[Required action] Reproduction of part of the material below, pictures omitted: copy exactly, and only, the lines starting with the one with "2- Tests to" and going on through the one with "This is a small".

[Data extract]
· · · ·
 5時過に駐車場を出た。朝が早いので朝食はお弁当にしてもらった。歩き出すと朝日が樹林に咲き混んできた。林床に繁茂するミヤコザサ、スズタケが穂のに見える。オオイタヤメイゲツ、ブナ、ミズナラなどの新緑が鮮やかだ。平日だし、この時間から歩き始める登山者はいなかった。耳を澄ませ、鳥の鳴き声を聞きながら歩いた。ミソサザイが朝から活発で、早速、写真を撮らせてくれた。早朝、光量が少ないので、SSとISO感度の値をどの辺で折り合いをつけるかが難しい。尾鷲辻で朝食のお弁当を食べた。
· · · ·
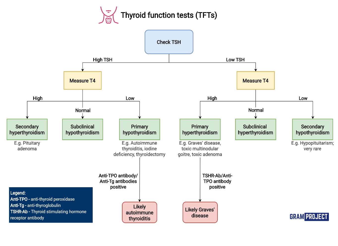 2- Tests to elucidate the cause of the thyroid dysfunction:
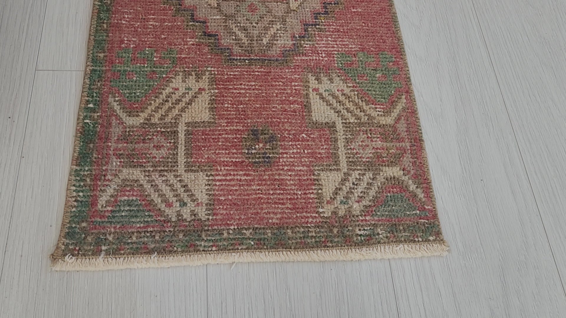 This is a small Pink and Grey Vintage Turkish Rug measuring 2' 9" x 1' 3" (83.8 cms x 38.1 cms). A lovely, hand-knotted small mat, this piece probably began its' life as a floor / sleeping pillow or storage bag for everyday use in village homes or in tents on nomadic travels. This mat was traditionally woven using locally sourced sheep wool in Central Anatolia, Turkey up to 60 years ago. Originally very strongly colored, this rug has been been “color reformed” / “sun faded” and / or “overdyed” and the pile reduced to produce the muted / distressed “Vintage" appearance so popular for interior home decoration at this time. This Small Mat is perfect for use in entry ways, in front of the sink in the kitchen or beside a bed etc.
· · · ·
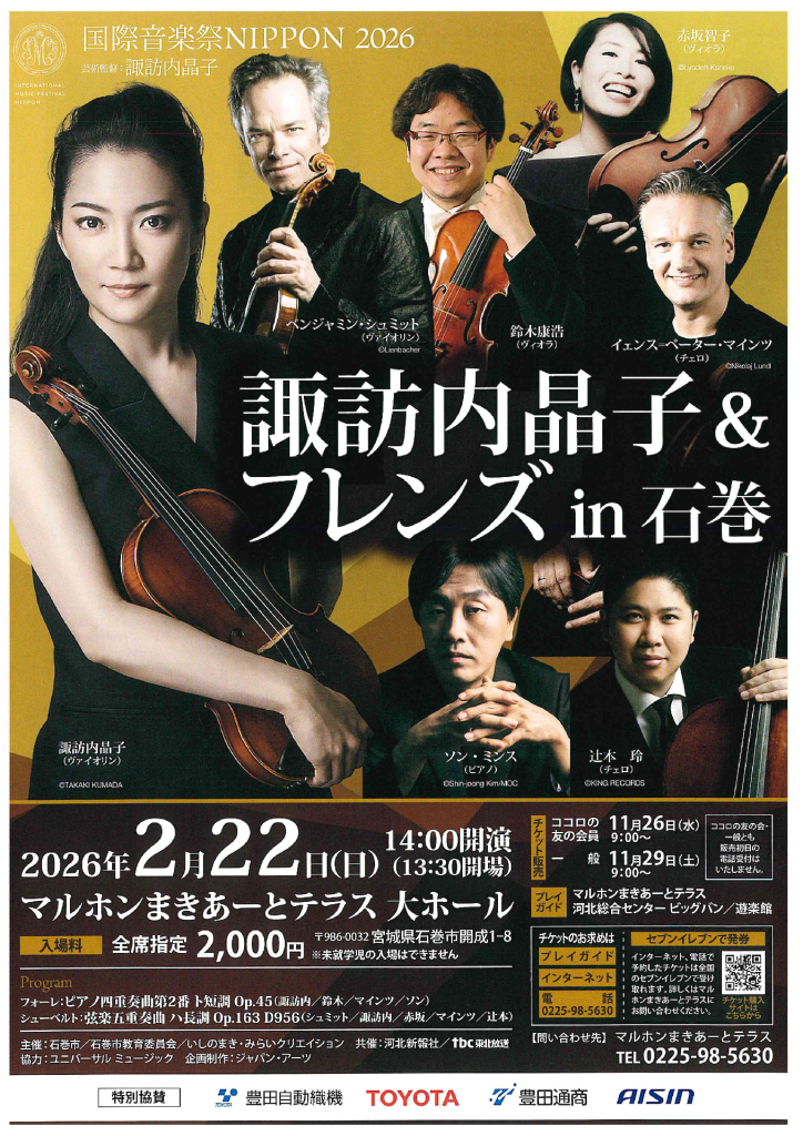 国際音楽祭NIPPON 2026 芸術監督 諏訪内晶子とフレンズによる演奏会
· · · ·
[Problem solution]
 2- Tests to elucidate the cause of the thyroid dysfunction:
 This is a small Pink and Grey Vintage Turkish Rug measuring 2' 9" x 1' 3" (83.8 cms x 38.1 cms). A lovely, hand-knotted small mat, this piece probably began its' life as a floor / sleeping pillow or storage bag for everyday use in village homes or in tents on nomadic travels. This mat was traditionally woven using locally sourced sheep wool in Central Anatolia, Turkey up to 60 years ago. Originally very strongly colored, this rug has been been “color reformed” / “sun faded” and / or “overdyed” and the pile reduced to produce the muted / distressed “Vintage" appearance so popular for interior home decoration at this time. This Small Mat is perfect for use in entry ways, in front of the sink in the kitchen or beside a bed etc.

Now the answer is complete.